> WORK TO BE COMPLETED:
Give back exactly the lines starting at the one with "最後は島根県雲南市にある国道" and ending at the last line of the data below. Pictures are not part of the copy.

> DATA SEGMENT:
Start of Block
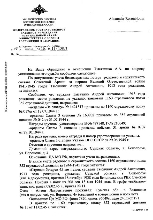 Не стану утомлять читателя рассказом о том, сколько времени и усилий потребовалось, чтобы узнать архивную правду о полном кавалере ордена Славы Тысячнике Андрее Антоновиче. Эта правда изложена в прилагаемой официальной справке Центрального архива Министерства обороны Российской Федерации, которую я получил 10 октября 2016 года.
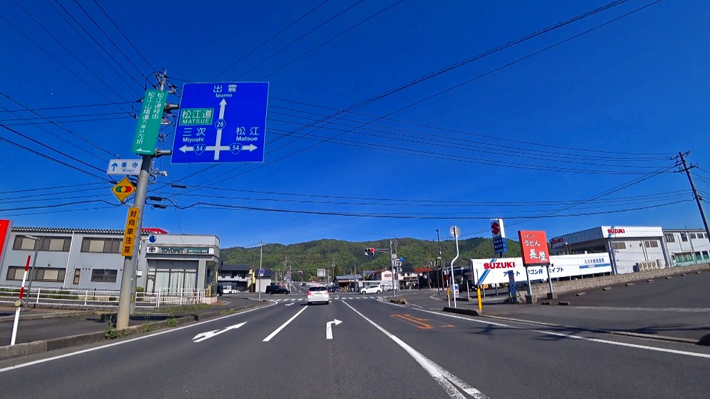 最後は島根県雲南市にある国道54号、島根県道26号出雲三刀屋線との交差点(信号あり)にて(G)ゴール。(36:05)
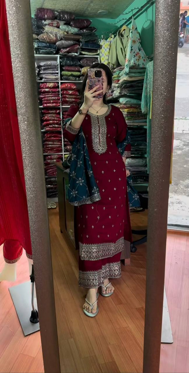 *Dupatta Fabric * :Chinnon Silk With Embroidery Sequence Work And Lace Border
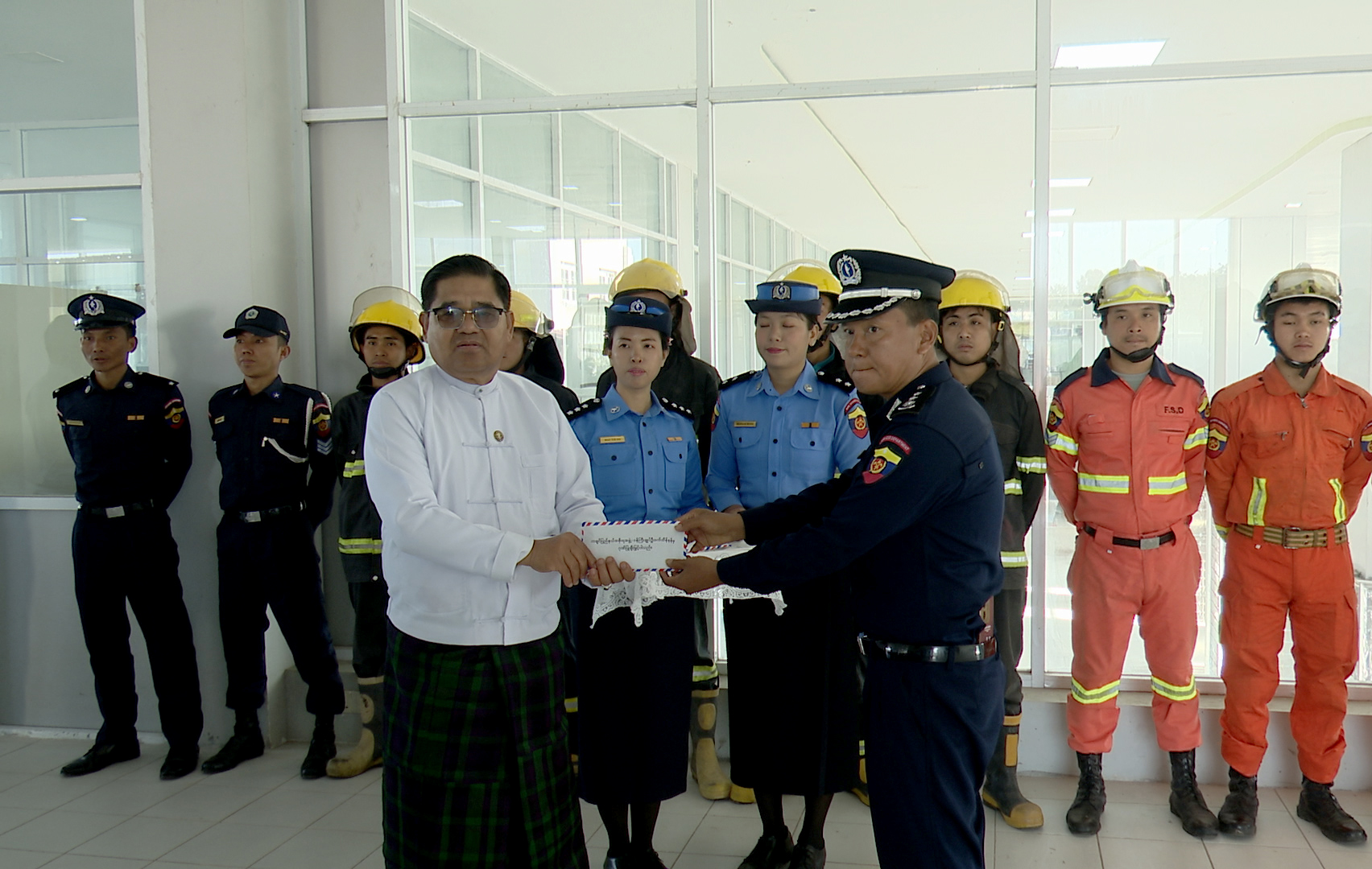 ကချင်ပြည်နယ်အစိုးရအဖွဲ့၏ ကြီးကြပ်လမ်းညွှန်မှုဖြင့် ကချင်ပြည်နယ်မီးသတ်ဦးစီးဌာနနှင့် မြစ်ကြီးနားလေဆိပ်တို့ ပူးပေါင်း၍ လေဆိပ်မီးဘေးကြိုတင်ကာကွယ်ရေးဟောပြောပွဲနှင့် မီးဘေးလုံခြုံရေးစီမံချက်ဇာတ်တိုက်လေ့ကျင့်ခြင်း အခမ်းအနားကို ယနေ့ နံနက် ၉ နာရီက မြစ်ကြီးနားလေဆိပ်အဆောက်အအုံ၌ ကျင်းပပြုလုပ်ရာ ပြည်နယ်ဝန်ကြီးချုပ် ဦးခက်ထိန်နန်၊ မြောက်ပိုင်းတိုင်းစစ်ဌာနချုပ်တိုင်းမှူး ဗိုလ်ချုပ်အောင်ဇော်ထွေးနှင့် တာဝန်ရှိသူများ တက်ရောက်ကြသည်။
End of Block
> THE ANSWER:
 最後は島根県雲南市にある国道54号、島根県道26号出雲三刀屋線との交差点(信号あり)にて(G)ゴール。(36:05)
 *Dupatta Fabric * :Chinnon Silk With Embroidery Sequence Work And Lace Border
 ကချင်ပြည်နယ်အစိုးရအဖွဲ့၏ ကြီးကြပ်လမ်းညွှန်မှုဖြင့် ကချင်ပြည်နယ်မီးသတ်ဦးစီးဌာနနှင့် မြစ်ကြီးနားလေဆိပ်တို့ ပူးပေါင်း၍ လေဆိပ်မီးဘေးကြိုတင်ကာကွယ်ရေးဟောပြောပွဲနှင့် မီးဘေးလုံခြုံရေးစီမံချက်ဇာတ်တိုက်လေ့ကျင့်ခြင်း အခမ်းအနားကို ယနေ့ နံနက် ၉ နာရီက မြစ်ကြီးနားလေဆိပ်အဆောက်အအုံ၌ ကျင်းပပြုလုပ်ရာ ပြည်နယ်ဝန်ကြီးချုပ် ဦးခက်ထိန်နန်၊ မြောက်ပိုင်းတိုင်းစစ်ဌာနချုပ်တိုင်းမှူး ဗိုလ်ချုပ်အောင်ဇော်ထွေးနှင့် တာဝန်ရှိသူများ တက်ရောက်ကြသည်။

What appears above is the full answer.